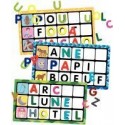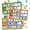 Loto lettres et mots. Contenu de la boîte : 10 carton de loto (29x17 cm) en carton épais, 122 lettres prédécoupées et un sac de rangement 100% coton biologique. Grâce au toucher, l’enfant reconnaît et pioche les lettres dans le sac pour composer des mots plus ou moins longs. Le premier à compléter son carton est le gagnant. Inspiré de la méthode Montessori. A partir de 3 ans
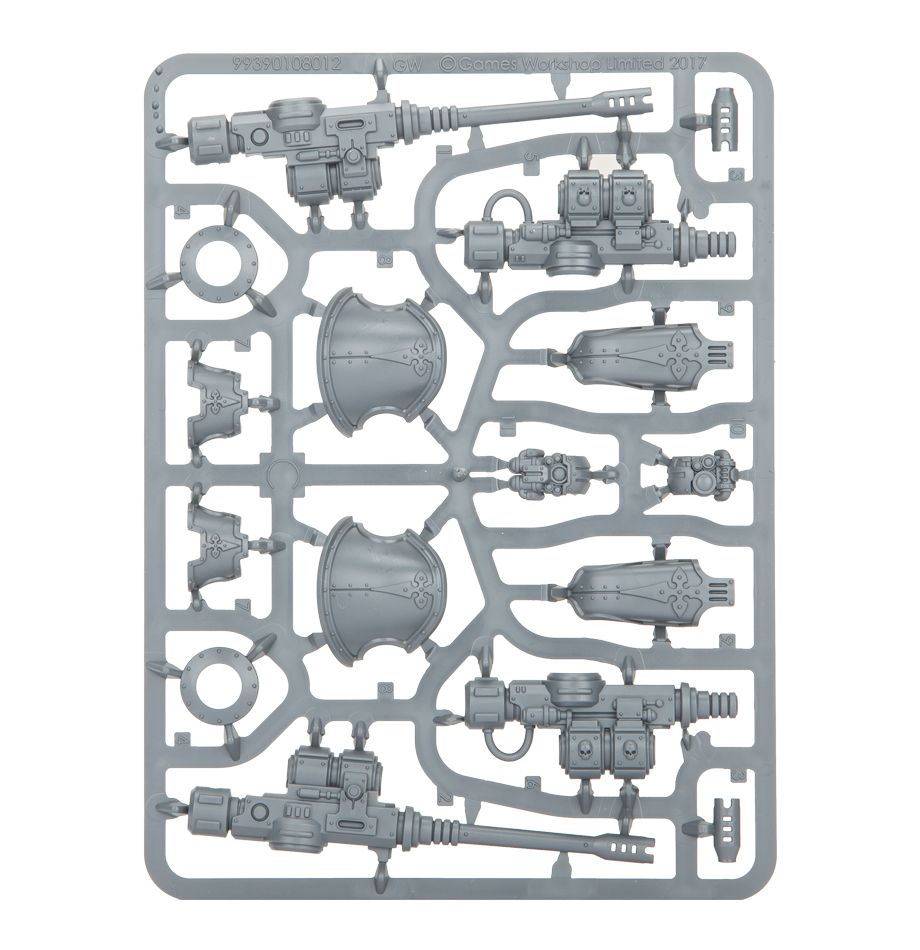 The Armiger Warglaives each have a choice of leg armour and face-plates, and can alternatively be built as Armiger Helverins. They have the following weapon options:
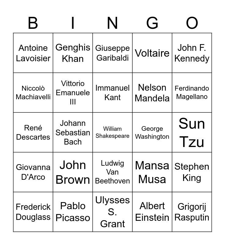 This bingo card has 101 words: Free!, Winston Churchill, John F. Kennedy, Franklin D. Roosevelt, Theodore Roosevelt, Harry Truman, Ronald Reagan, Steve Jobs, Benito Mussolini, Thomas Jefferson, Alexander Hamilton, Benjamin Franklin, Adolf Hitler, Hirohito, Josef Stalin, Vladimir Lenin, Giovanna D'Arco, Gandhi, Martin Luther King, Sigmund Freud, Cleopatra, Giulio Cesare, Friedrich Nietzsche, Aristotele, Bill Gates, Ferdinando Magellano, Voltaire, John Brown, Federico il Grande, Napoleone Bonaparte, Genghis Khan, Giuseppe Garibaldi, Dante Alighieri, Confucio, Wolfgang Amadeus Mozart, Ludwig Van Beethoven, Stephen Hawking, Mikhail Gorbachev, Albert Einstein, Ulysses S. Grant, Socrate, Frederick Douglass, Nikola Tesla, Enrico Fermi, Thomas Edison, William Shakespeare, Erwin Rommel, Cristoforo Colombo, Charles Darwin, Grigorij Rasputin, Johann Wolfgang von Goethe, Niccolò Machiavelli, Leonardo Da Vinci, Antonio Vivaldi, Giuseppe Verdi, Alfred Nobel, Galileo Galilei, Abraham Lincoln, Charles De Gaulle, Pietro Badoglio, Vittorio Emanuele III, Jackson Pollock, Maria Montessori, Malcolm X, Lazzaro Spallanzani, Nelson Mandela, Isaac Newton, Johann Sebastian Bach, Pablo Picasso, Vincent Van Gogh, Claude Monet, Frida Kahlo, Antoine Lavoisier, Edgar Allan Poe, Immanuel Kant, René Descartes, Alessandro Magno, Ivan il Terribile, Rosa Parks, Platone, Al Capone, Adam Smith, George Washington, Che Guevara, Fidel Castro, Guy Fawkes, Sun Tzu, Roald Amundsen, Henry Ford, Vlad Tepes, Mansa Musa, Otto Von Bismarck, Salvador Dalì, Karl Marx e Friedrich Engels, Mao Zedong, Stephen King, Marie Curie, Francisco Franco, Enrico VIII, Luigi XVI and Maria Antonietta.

What to work on: Give again, word for word, every line from the top of the data above to the line holding "The Armiger Warglaives", inclusive, with the pictures left out.

Result below:
 Loto lettres et mots. Contenu de la boîte : 10 carton de loto (29x17 cm) en carton épais, 122 lettres prédécoupées et un sac de rangement 100% coton biologique. Grâce au toucher, l’enfant reconnaît et pioche les lettres dans le sac pour composer des mots plus ou moins longs. Le premier à compléter son carton est le gagnant. Inspiré de la méthode Montessori. A partir de 3 ans
 The Armiger Warglaives each have a choice of leg armour and face-plates, and can alternatively be built as Armiger Helverins. They have the following weapon options:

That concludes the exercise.